I wonder if we could go back to running our own Confluence server in
our zone... but only to serve as the editing platform... so we could
install the plugins we want and implement the procedure we need to
sync up to the "real" website.
That... and its a bit safer in that someone won't nuke all of our
content when then accidentally import a different install (not just a
space export).
And it would make it easier for use to backup too... since right new
we are getting timeouts when exporting that Hernan was talking about.
--jason
On Aug 4, 2006, at 6:59 PM, Matt Hogstrom wrote:
Very nice Jason...like Dain asked...is there anything he can do :)
Jason Dillon wrote:
On Jul 26, 2006, at 8:52 AM, Hernan Cunico wrote:
Confluence uses it's own versioning to manage the history changes
to "confluence" pages, AFAIK confluence does not support SVN yet.
For the cwiki we use the "autoexport" plugin to get the
confluence content automatically exported into HTML format and
via a template we customize the look & feel of those exported pages.
I believe it to be highly unlikely that Confluence will natively
support SVN for versioning... ever. I did however implement a
prototype of a plugin that would commit changes to wiki pages to
SVN... but never really finished it.
The exported pages are independent from confluence version
control, if we use a different version control we will not get
the exported HTML in sync with the actual (and versioned)
confluence content. Rolling back changes will be a nightmare. We
need to find out a way to get those two in sync.
I believe we can solve this problem easily. First, when you
rollback a page in Confluence, then AutoExport will rebuild the
static page based on the new version... so they are in sync in
some degree. For most types of rollbacks the Confluence
mechanism should be used.
Probably we want to include some comments in the generated pages
(via the vsl template) to include the path in Confluence, the page
version number and who changed it. Then, if we did rsync to SVN
to publish then we have the required details to know how to roll
the change back from Confluence. This should be trivial.
We could also implement a SVN tag for each push, which would make
it easier to quickly rollback the site if something major
happened... granted it would be a bit of work to get Confluence
back in sync. But, with the above comments, and the tag, we could
easily disable the automatic sync and revert pages to the correct
version (based on the comments in last known good tag).
Or, if I finish my SVN plugin, then we could just re-import the
entire space from a specific revision number.
Lots of options.
The plugin has some issues/limitations that still need to be
addressed, it even has it's own JIRA (http://could.it/autoexport/
index.html).

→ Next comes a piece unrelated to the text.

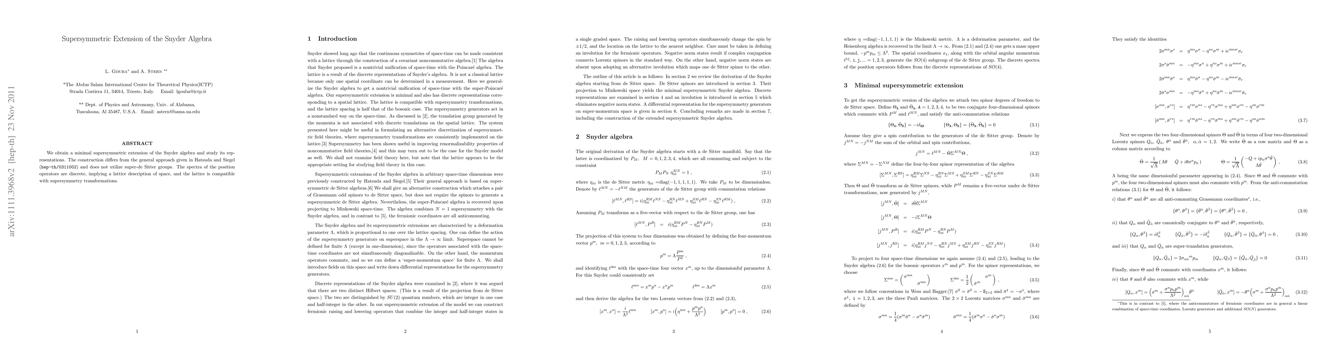 We obtain a minimal supersymmetric extension of the Snyder algebra and study its representations. The construction differs from the general approach given in Hatsuda and Siegel ({\tt hep-th/0311002}), and does not utilize super-de Sitter groups. The spectra of the position operators are discrete, implying a lattice description of space, and the lattice is compatible with supersymmetry transformations.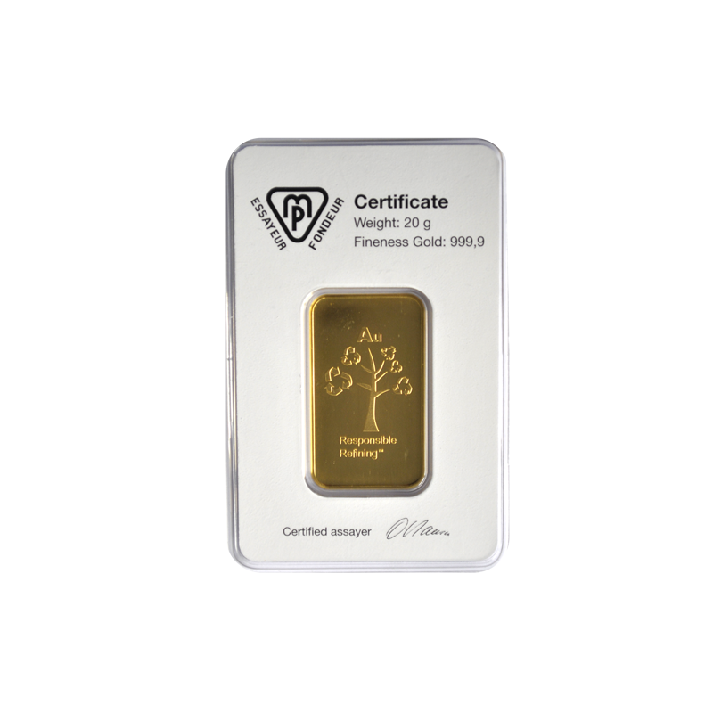 Vendu sous blister avec un numéro de scellé attestant de son authenticité, les lingotins en or de 20 g que nous vous vendons sont tous certifiés par la London Bullion Market Association, association qui répertorie la liste des fondeurs reconnus sur le marché international. Ils peuvent provenir de différents fondeurs tels que Argor, Metalor ou Umicore sans que cela ne fasse aucune différence à la revente.

Some of those issues will not let us serve the HTML
from a different location, well at least not totally.
We may want to add an additional massaging of the content, where
we can fix any limitations that AutoExport has...

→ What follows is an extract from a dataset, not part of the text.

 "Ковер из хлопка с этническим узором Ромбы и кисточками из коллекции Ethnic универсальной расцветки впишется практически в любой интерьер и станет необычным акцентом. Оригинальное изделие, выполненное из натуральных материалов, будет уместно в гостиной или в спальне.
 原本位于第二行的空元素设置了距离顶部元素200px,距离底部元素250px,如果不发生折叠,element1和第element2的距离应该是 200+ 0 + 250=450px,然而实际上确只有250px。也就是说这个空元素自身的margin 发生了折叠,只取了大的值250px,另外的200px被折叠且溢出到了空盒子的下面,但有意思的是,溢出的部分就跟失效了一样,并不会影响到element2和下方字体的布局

Or we could fix AutoExport to better suite our needs.
Or both.
Security seems to be an easy thing to manage as we can restrict
access by users and groups in terms of confluence, but we will
not have access to the actual autoexported HTML content. If we
need to delete any content from the autoexported directories we
will not be able to do it ourselves, just the infrastructure
folks have access to the FS.
I'm going to see if infra@ will let a few of us have access to it,
so that I can better help admin the Confluence install.
But... the AutoExport plugin should really have a mechanism to
clean + publish... which should be easy to add.